Kaggle Digit Recognizer series
Sample data from the Machine Learning class is arranged as one sample per row with data values ranging from just a bit below 0 to a little above 1. Each digit image is a flattened 20×20 grey scale pixel array. The Kaggle data is arranged similarly but values range from 0 to 255. Kaggle digits are flattened 28×28 pixel arrays. The difference in value ranges should not be a problem for the exisiting code. The neural network input layer for Kaggle data will have 784 units vs the 400 used for the ML class data.
So the only code modification at this point is changing:
input_layer_size = 400; % 20x20 Input Images of Digits
hidden_layer_size = 25; % 25 hidden units
num_labels = 10; % 10 labels, from 1 to 10
to this:
input_layer_size = 784; % 28x28 Input Images of Digits
hidden_layer_size = 25; % 25 hidden units
num_labels = 10; % 10 labels, from 1 to 10
So we should be ready to go! The first thing we see running the top level Octave code is an image of a random selection of input samples.

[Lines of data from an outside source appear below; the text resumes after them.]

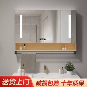 スマートバスルームミラーキャビネット、壁掛け式、ライト付き曇り止めバスルームドレッシングミラー、シンプルな無垢材、収納ラック付き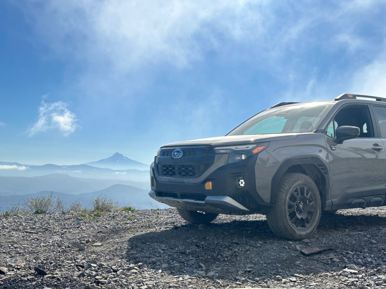 The direct-fuel injection flat-four does sit low in the engine bay, keeping the center of gravity low as well. With the standard symmetrical all-wheel drive system that one expects from a Subaru, the Forester Wilderness felt planted on the winding rural highways that rise from the Columbia River onto the benchlands and volcanic slopes of southern Washington mountain ranges. On first drives, Subaru always treats journalists to engaging and genuinely challenging driving routes, both on tarmac and off. There’s very little hand-holding, mostly a route book and a hearty good luck, which means doing things like this: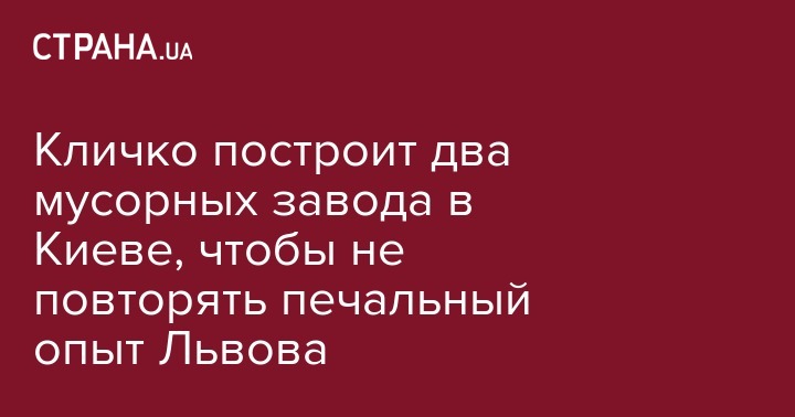 Кличко построит два мусорных завода в Киеве, чтобы не повторять печальный опыт Львова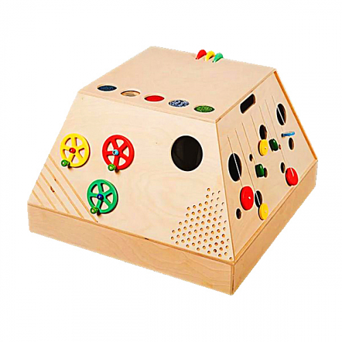Игрушка в форме пирамиды оснащена различными тактильными деталями: шестеренки, ткани разной текстуры и пр. Способствует тактильному развитию и тренирует мелкую моторику.

What? This can’t be right! Well it doesn’t really matter to the performance of classifying digit samples. But it is rather awkward to turn your head 90 degrees and look in a mirror at the computer display so lets fix this. The problem is caused by a difference of opinion on up/down/left/right for the two data sources. To fix this the displayData()
function needs a change where the display_array
is being accumulated. Change this:
reshape(X(curr_ex, :), example_height, example_width) / max_val;
to this:
reshape(X(curr_ex, :), example_height, example_width)' / max_val;
That’s it. Just transpose the result of reshape
. A single character change.
Much better.